Can the Brain Help Heal a Broken Heart?

Hannah Thomasy in The Scientist: For decades, researchers have appreciated the intimate association between mental health and physical health, and studies suggest that the mind may impact various bodily systems.1 For example, high levels of stress rendered people more vulnerable to infections; conversely, mental health treatment reduced the risk of rehospitalization by 75 percent in people hospitalized for heart disease.2,3

However, the mechanisms by which mental states might influence the immune or cardiovascular systems are still not well understood. Asya Rolls, a neuroscientist at the Technion – Israel Institute of Technology, said that these questions are often overlooked because many researchers feel that the field of mind-body connection is not amenable to rigorous scientific exploration. “It’s a major, fundamental gap in our understanding of physiology and medicine, and our ability to help patients,” she said.

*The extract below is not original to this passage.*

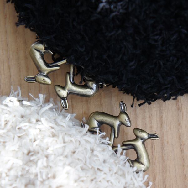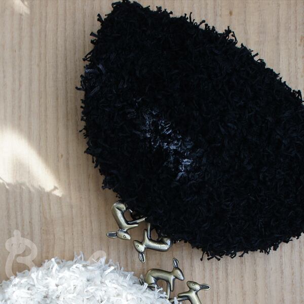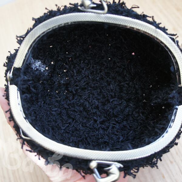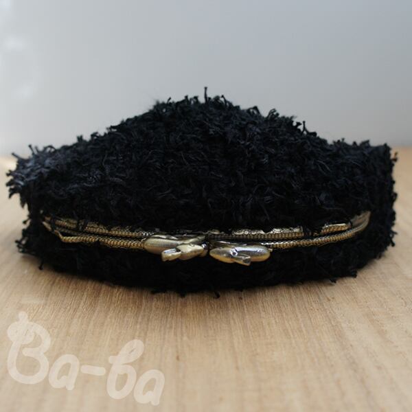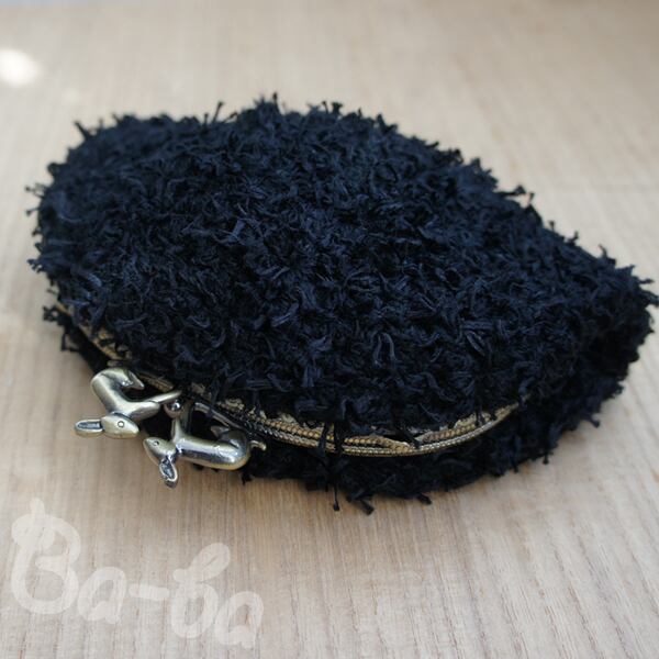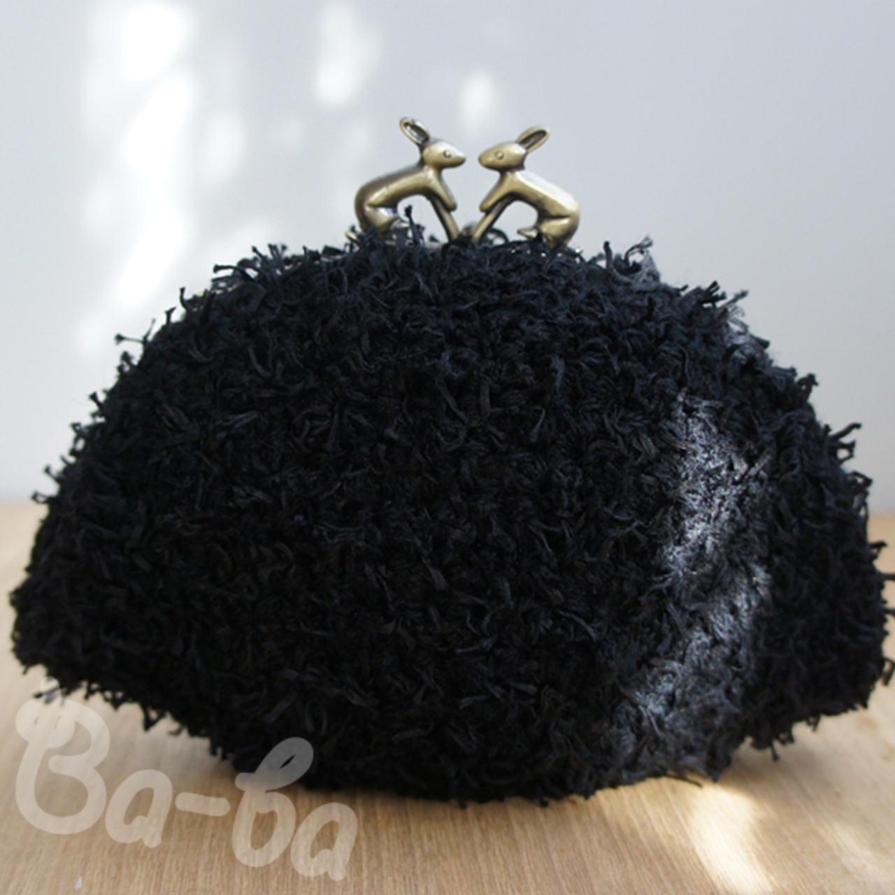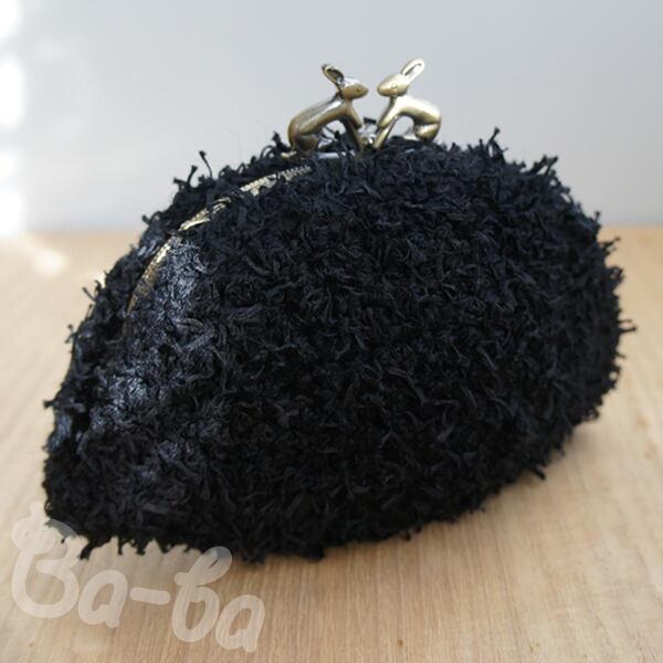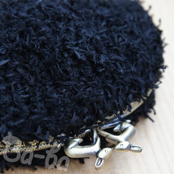 黒いふわふわのフェザーヤーン毛糸をふんわりと編み上げ、うさぎちゃんの口金と組み合わせました。

Previously, Rolls has used mouse models to demonstrate how brain regions associated with reward or emotion can modulate immune activity and inflammation in various contexts, including infection, cancer, and colitis.4–6 As evidence of the association between mental health and cardiovascular disease in humans accumulated, she wondered if she might be able to mechanistically study this heart-brain connection in mice.7 Together with cardiovascular medicine specialist Lior Gepstein and Hevda Haykin, a jointly supervised graduate student, Rolls set out to explore how particular neural systems influenced recovery from acute myocardial infarction (AMI) in a mouse model. 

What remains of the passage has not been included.